Critical minerals have become the strategic backbone of the 21st-century economy, supporting modern technologies. As the global shift towards renewables accelerates, control over mineral supply chains is reshaping geopolitics and economic competitiveness. However, their production and processing remain highly concentrated, creating supply risks and strategic vulnerabilities. For India, achieving net-zero goals, Atmanirbhar Bharat and advanced manufacturing makes secure access to critical minerals a national developmental and security imperative. 
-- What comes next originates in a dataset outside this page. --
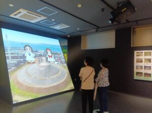 また、大スクリーンでは、たるみ観光大使の「ごしきまろ」と「たるみこ」が古墳づくりを解説してくれるシアターも。

What are the Critical Minerals? 

• About: Critical minerals are those minerals that are essential for economic development, energy transition, and national security, but whose supply chains are vulnerable to disruption due to import dependence, geopolitical concentration, or limited domestic availability.  
  • The Government of India has released a list of 30 critical minerals for India.   
  • These minerals are Antimony, Beryllium, Bismuth, Cobalt, Copper, Gallium, Germanium, Graphite, Hafnium, Indium, Lithium, Molybdenum, Niobium, Nickel, PGE, Phosphorous, Potash, REE,Rhenium, Silicon, Strontium, Tantalum, Tellurium, Tin, Titanium, Tungsten, Vanadium,Zirconium, Selenium and Cadmium. 
  • They are critical because of: 
    • High economic & strategic importance 
    • Limited domestic reserves 
    • High import dependence 
    • Geographically concentrated global supply 
    • Difficult substitution 
• Usage: Critical minerals play a crucial role in clean energy transition and modern industries. Their applications can be seen across the following sectors: 
  • Clean Energy: Critical minerals underpin India’s clean energy transition across solar, wind, electric mobility, and energy storage.  
    • Solar PV manufacturing depends on silicon, tellurium, indium and gallium, while wind turbines require rare earths such as neodymium and dysprosium for permanent magnets.  
    • The rapid scale-up of EVs and grid-scale storage under the National Electric Mobility Mission Plan( NEMMP)and renewable integration plans will sharply raise demand for lithium, cobalt and nickel. 
  • Electronics and Semiconductors: Critical minerals such as gallium, germanium, silicon, indium and rare earth elements are essential for manufacturing semiconductors, smartphones, computers, LEDs and microchips. 
  • Defence and Strategic Technologies: Rare earth elements, titanium, tungsten and beryllium are used in missile guidance systems, radar, fighter aircraft, drones and night-vision devices. Secure access to these minerals is vital for defence preparedness and strategic autonomy. 
  • Aerospace and Space Technology: Critical minerals like titanium, lithium and rare earths are used in aircraft engines, satellites and space launch vehicles due to their high strength-to-weight ratio and heat resistance. India’s expanding space sector and Gaganyaan mission will further raise demand. 
  • Nuclear Energy: Uranium, zirconium and rare earth elements are used in nuclear fuel, reactors and control rods. As India aims to increase nuclear power capacity to ensure clean base-load energy, the strategic importance of these minerals grows. 
  • Telecommunications and Digital Infrastructure: Copper, rare earths and lithium are crucial for 5G networks, optical fibre cables, data centres and power backup systems. India’s digital expansion under Digital India and BharatNet depends heavily on these materials. 
  • Medical and Healthcare Technologies: Critical minerals such as rare earths, platinum group metals and cobalt are used in MRI machines, X-ray systems, cancer treatment equipment and medical implants, improving diagnostic and treatment capabilities. 
  • Manufacturing and Advanced Materials: Tungsten, chromium, nickel and molybdenum are used in high-strength alloys, stainless steel and industrial machinery, supporting sectors like construction, automobiles and heavy engineering. 
  • Water Treatment and Environmental Management: As water scarcity increases, critical minerals are becoming essential for purifying and managing water resources. Rare earth elements (like lanthanum and cerium) are used in specialized filters to remove heavy metals and phosphates from wastewater. 
• Availability of Domestic Reserves in India: India has geological potential for several critical minerals such as lithium, graphite, copper and rare earth elements, but most of these reserves are not fully explored or commercially mined yet. 
  • For example, lithium reserves have been identified in Jammu & Kashmir, but large-scale mining has not started. 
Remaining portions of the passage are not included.